I am a realtor. I have been one for 19 years. And last week I spent seven days pretending I was a first-time buyer relocating to a city I did not know, with no agent, and only ChatGPT as my assistant. I wanted to see what would happen.
The short version. ChatGPT was genuinely useful for about 40% of what a buyer needs. For the other 60%, it lied to my face with the confidence of someone who absolutely knew what they were talking about. The scary part is, if I had not been a realtor, I would have believed almost all of it.
Let me walk you through what actually happened. The good, the bad, and the moment I sat at my desk and said out loud “oh no, people are going to lose money over this.”
This post is part of a series I have been writing about how to use AI to buy a house (and the sister post on selling with AI if you are on the other side of the table). This one is the experiment. The “what happens if you actually try it” post.

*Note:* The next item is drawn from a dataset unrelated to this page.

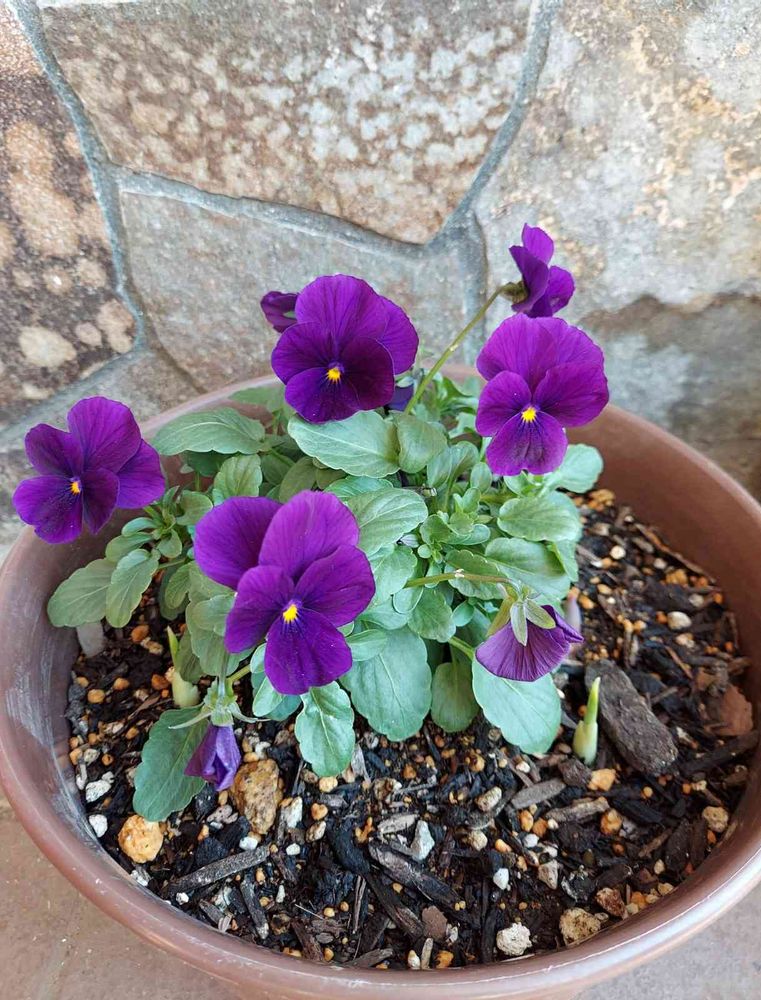 ビオラ💜と寄せ植えしたよりどり球根の芽🌱が数本出てきて👀‼️何のお花かわからないけど早過ぎる😅

Where ChatGPT Genuinely Helped
Lets start with the wins, because they are real. I went into this thinking ChatGPT was going to be mostly hype. I came out of it thinking it is one of the best research partners a buyer has ever had access to. Just not for the reasons people think.
The first thing I asked was about neighborhoods. I picked a market I do not work in (Charlotte, North Carolina) and asked ChatGPT to compare three neighborhoods I had heard of. Not “which is best”, because that is a useless question, but “tell me the personality of each, what kind of person lives there, what the school philosophies are like, what the walkability situation is.” The answers were genuinely good. It described the vibe. It talked about which areas were more walkable and which were car-dependent. It noted the school philosophy differences in a way that sounded like it had actually read the district websites. For neighborhood research at the vibe level, ChatGPT is excellent.

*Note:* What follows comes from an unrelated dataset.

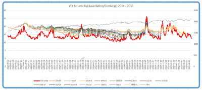 Taraka, ano, opět dobrá úvaha, nastavit nějaké limitní ceny pohybu na VIX, vystoupit a vyčkat na uklidnění situace. Já ale hledám "permanentní" hedge, tedy nástroj, kombinaci nástrojů, která bude alespoň nějak konzistentně trvale a dlouhodoběji ochraňovat a zároveň nepoškozovat držené portfolio resp. jeho výkonnost. Protože jsem se rozhodl pozvolnými postupnými přískoky pilovat svůj backtest do nějaké podoby, zkusil jsem využít dalších vlastností futures na VIX. Musím ale mírně zateoretizovat. Protože jsem je možné vypozorovat ostré výstřely na grafu VIX Indexu současně s jeho ostrými pády, musel jsem se s toto skutečností nějak vypořádat, když právě tyto silné růsty a poklesy vedly ke znehodnocení hedge pomocí futures. Musel jsem se proto zaměřit na cenovou strukturu jednotlivých futures kontraktů. Na jednom z dříve zveřejněných obrázků je vyobrazeno chování jednotlivých futures vzhledem ke spotové hodnotě VIX Indexu. V období, kdy dojde k silnému pohybu dolů na podkladu SPX se narušuje cenová struktura jednotlivých futures kontraktů a z obvyklého "klidového" stavu, kdy jsou jednotlivá vzdálenější futures dražší než bližší kontrakty (contango) a dochází k backwardation, tedy ceny bližších kontraktů jsou vyšší než ceny vzdálenějších, které cenově zaostávají. Toto je typický stav při výprodeji. Sledování tohoto jevu jsem se pokoušel využít. Je zvláštní, že v sekci obchodování komoditních spreadů je tato koncepce nevyužívána. Zaostávání za spotovou cenou komodity může totiž sloužit jako dobrý indikátor pohybu. Nezřídka je na různých podkledach vidět zaostávání ceny futures za spotovou cenou, naposledy si na ni vzpomínám tuším loni v létě na vepřovém mase (Lean Hogs). Důležitá je ale skutečnost, že VIX futures se z contanga do backwardation dostávají velmi rychle, ale co je neméně důležité, taky se z backwardation do contanga mají tendenci rychle vracet !!! To byl další impulz k prostudování a k prozkoušení. Opět ve stejném období 2014 se stejnou opční pozicí - opční Vertikální Put Credit Spread na SPX na weekly sériích vypisovaný každý týden ve vzdálenosti 2% OTM s rozsahem strike 10 bodů, jsem opět pořizoval hedge kupováním Long front futures kontraktu na VIX, ale takovým, že nákup a prodej futures probíhal ve stejných dnech jako pořizování a expirace opčního spreadu. Co jsem však zohlednil byla skutečnost, že v případě, kdy na trhu VIX futures byla situace backwardation (front futures byla levnější než VIX Index - spotová cena), tak jsem tento kontrakt kupoval do pozice Short, tedy předpokládal jsem, že se situace uklidní a bude vše mít tendenci návratu k cenové struktuře futures do contango. No a výsledek je na přiloženém grafu. V době kdy jsem v období 2014 pořizoval portfoliovou pozici Put Spreadu a hedgoval ji nákupem Short Futures podle pravidla výše, tak toto se událo v šesti případech - v ostatních obdobích jsem byl klasicky Long futures jako v předchozích backtestech. Výkonnost hedge mě velmi převapila, Equity křika je výrazně hladší a nikdy neklesla pod hodnotu nula.

Mortgage language was the next win. I asked it to explain PMI, points, DTI, and what “locking the rate” actually means in plain English. It nailed all of it. Better than most loan officers, honestly. (I know that sounds harsh but if you have ever sat across from a buyer trying to explain why their DTI is 43% and they cannot qualify, you know what I mean.) ChatGPT is a translator. It takes industry jargon and turns it into English. That is genuinely valuable.
I had it draft me a showing checklist. Questions to ask the listing agent. Things to look for in the attic, the panel, the water heater. It was solid. Not as good as walking the house with someone who has seen 2,000 houses, but better than walking in with no plan at all.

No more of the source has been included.